According to a report from Bloomberg, the intenret giant wants to tap into Nokia's airborne broadband system to transform its own flight-connectivity technology.
Sources claiming to have an understanding of the situation believe that the companies have reached an advanced stage of negotiations and could announce a deal soon.
However, they have not reached a formal agreement yet, which means that the deal may not go ahead. Neither company has commented on the speculation.
Nokia has offered its LTE A2G cellular-based system for a few years. It creates an airborne internet connection by communicating with networks based on the ground, rather than a space satellite.
"The Nokia LTE A2G cellular-based system creates a direct link between the aircraft and the ground thereby eliminating the delay hop to a satellite," writes Nokia on its website.
It claims that this approach "enables highly desirable in-cabin high-speed internet services using Wi-Fi for always-on passengers".
The company also claims that this system is more "effective" and affordable" than satellite-based systems, while "improving passenger experience".
Although Google has not developed a notable in-flight system, it is looking to change this. Currently, accessing internet on planes is difficult, but there is a clear business opportunity.

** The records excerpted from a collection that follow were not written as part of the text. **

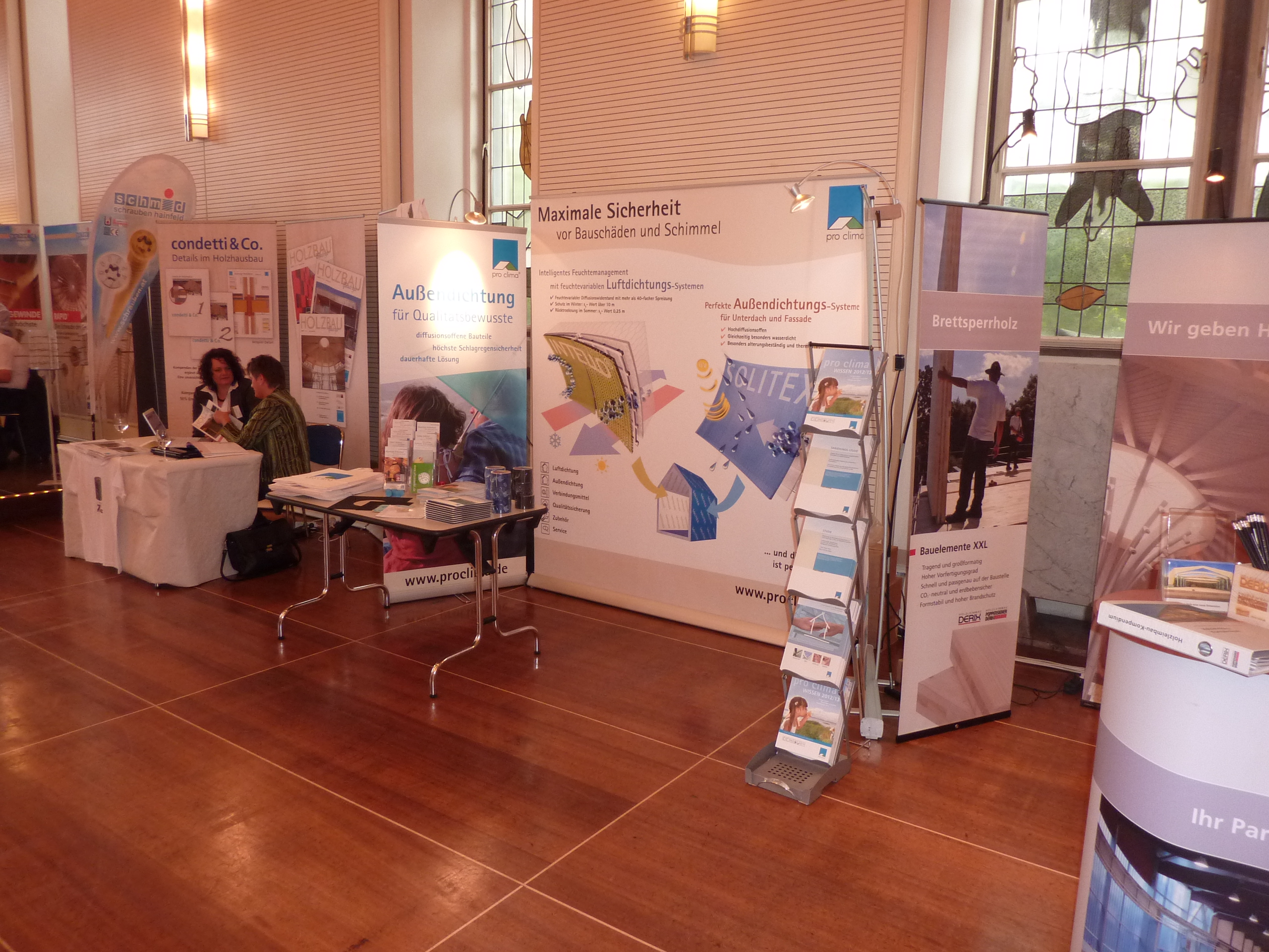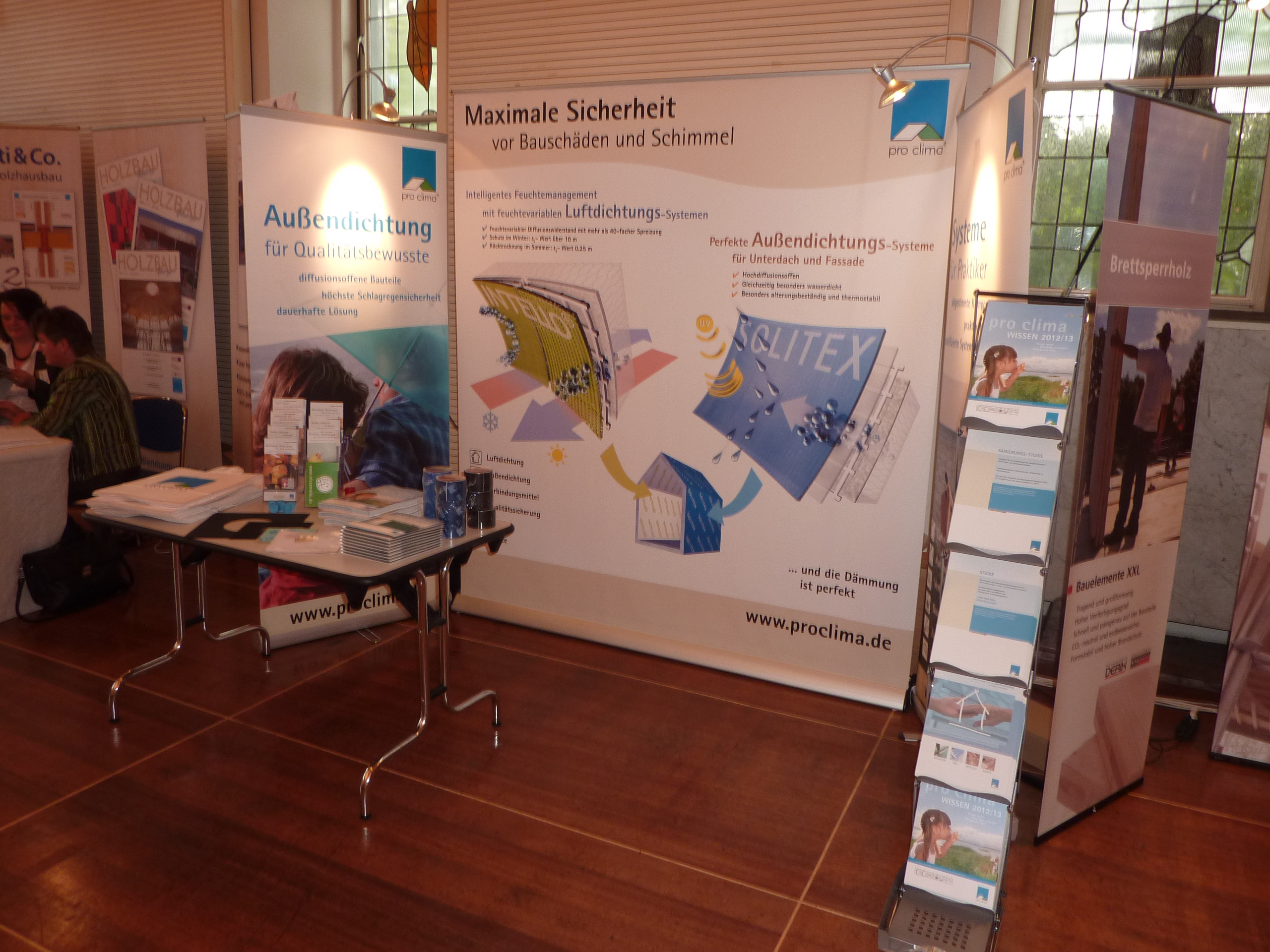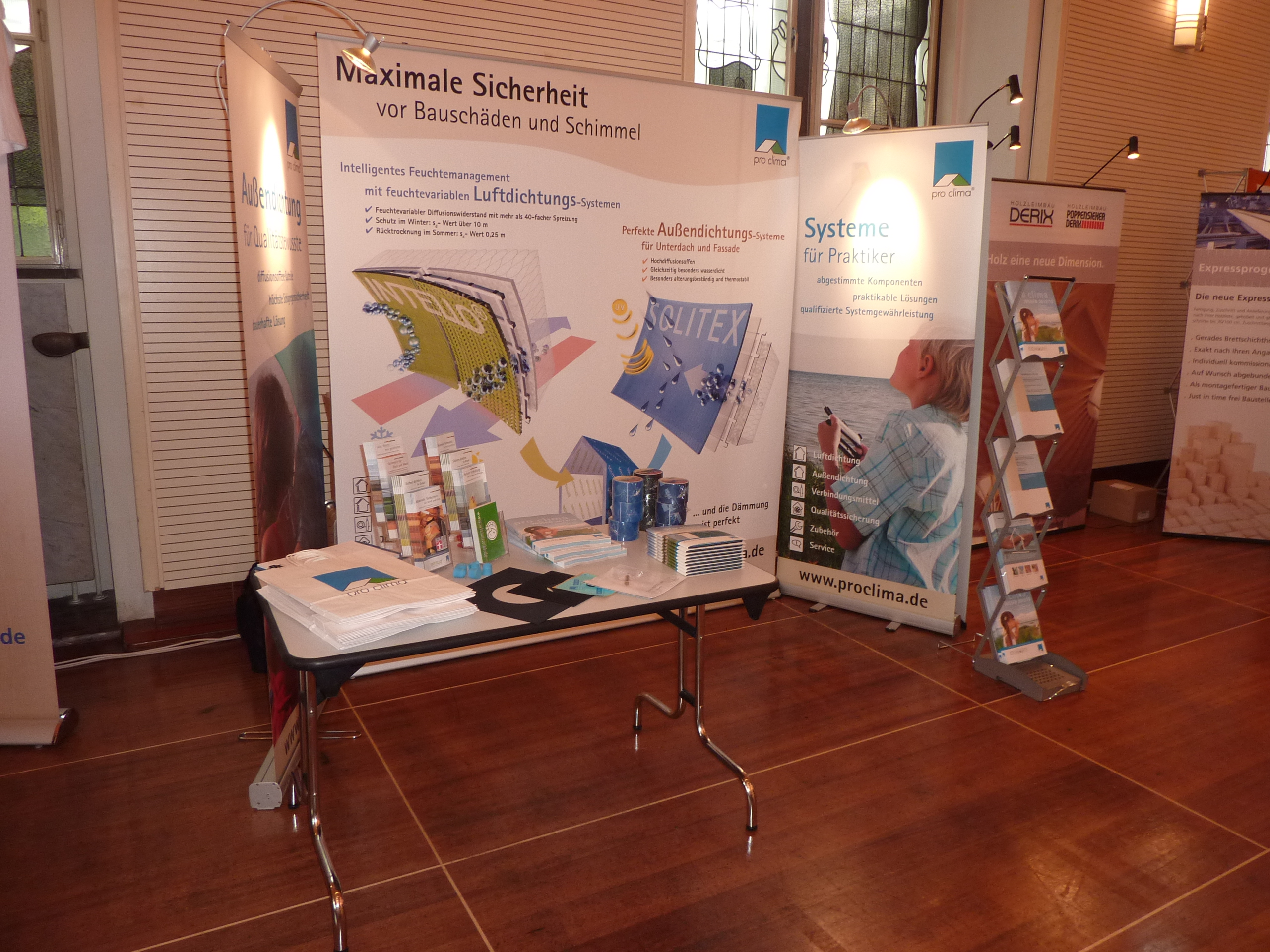 Den pro clima Stand betreuten die Anwendungstechniker Martin Großekathöfer und Christoph Böhringer: „Es waren vor allem Planer und Architekten da. Uns freut, dass die Bedeutung von Luftdichtung innen und Winddichtung außen für die meisten Fachleute bereits selbstverständlich ist und sie wegen der Risikominimierung von Bauschäden gezielt feuchtevaribale Bahnen planen und einsetzen“, fasst Böhringer die Kontakte am pro clima Stand zusammen. Großekathöfer ergänzt: „Wer Energie sparen will, muss korrekt dichten und dämmen – und die Lösungen dazu sind abgestimmte Systeme mit Detaillösungen.“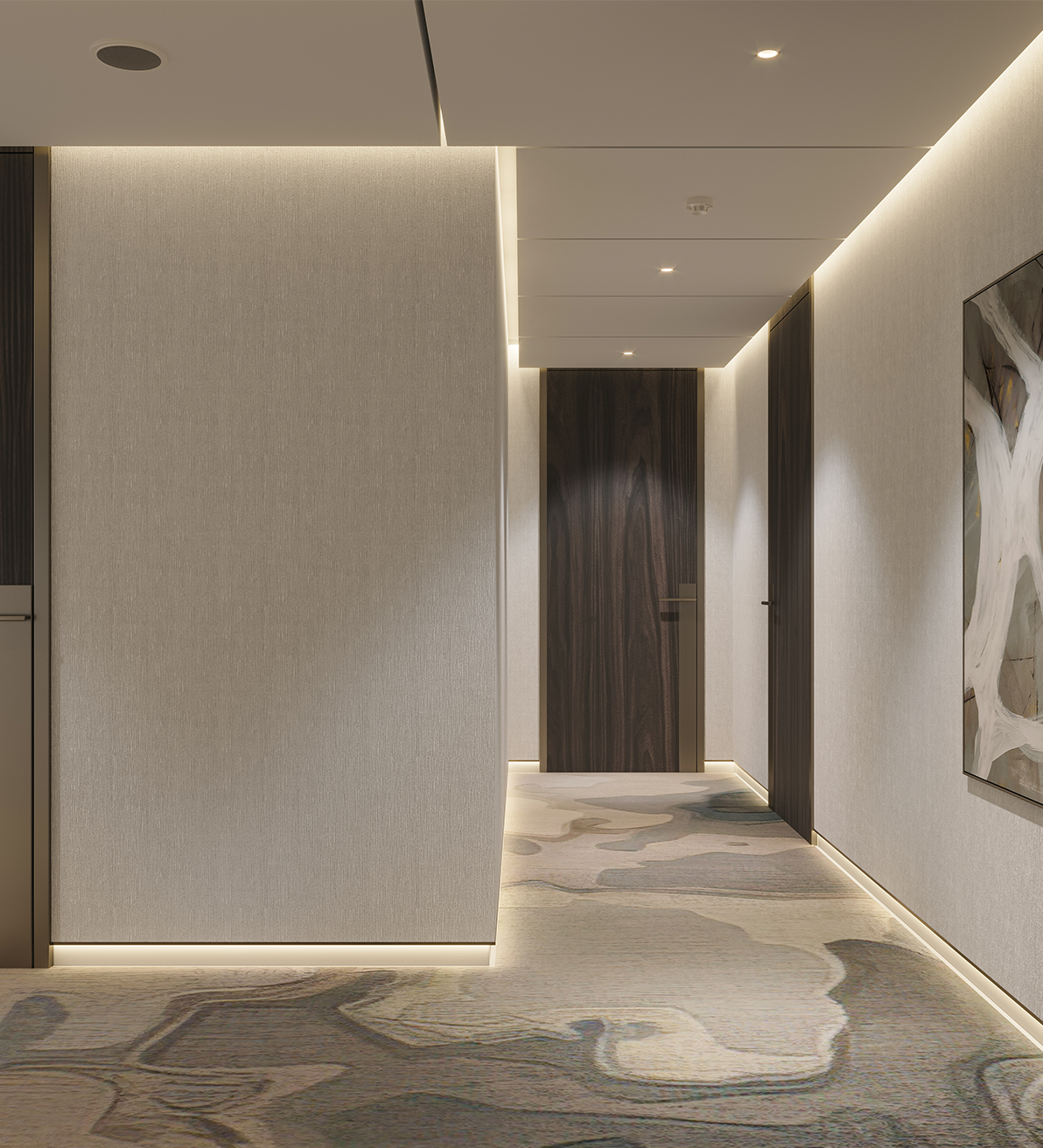 В коридоре гостиничный ковролин и подсветка по периметру, создающие уютную атмосферу.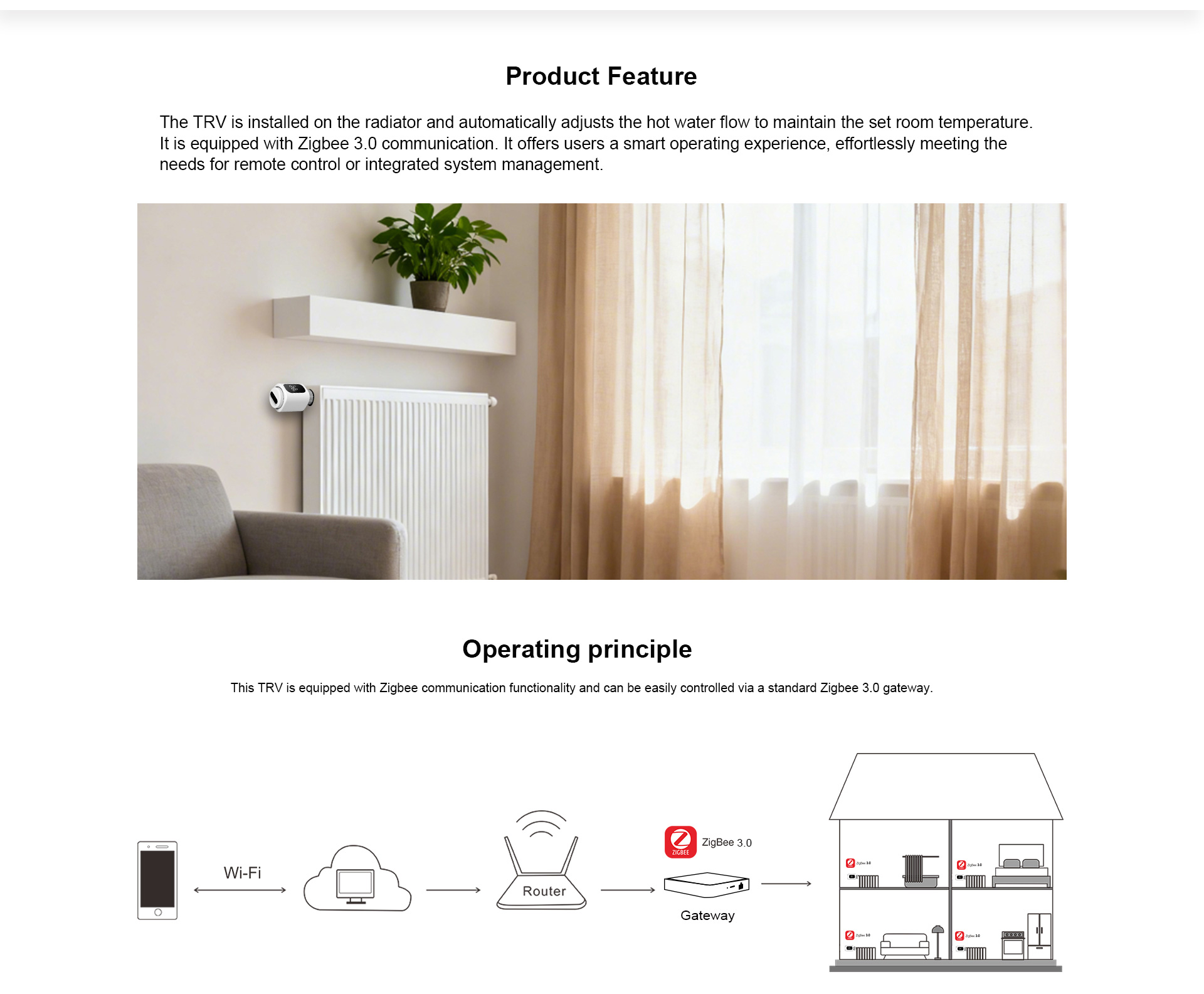 Le contrôleur de radiateur intelligent Zigbee 3.0 est un dispositif de contrôle de chauffage intelligent basé sur le protocole Zigbee 3.0. Il se connecte facilement aux passerelles domotiques et aux applications mobiles, permettant ainsi un réglage à distance de la température et une gestion écoénergétique du chauffage.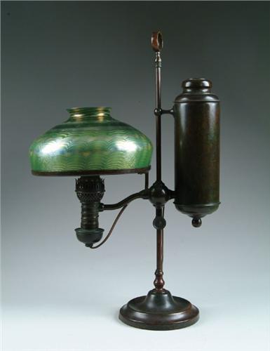 TIFFANY STUDENT LAMP. Very nice Tiffany student lamp has early bronze oil base which has been converted to electric. Base has nice brown patina and is finished with a beautiful early blown shade with platinum wave design iridescence against a rich green background. Interior bottom half of shade has white opalescence. Shade is signed inside top rim "LCT". SIZE: Shade is 10 in. dia. Overall height is 24-1/2 in. CONDITION: Very good to excellent. 5-61488

Chicago, Illinois-based Gogo, for example, has built an entire business by offering in-flight internet services. Following the news of the potential deal between Google and Nokia, shares in the firm advanced by two per cent - giving it a valuation of $769 million.
Meanwhile, as Bloomberg reports, shares in Nokia increased by 1.2 per cent after the news hit the web - reaching €4.55, giving it a market capitalisation of €25.6 billion.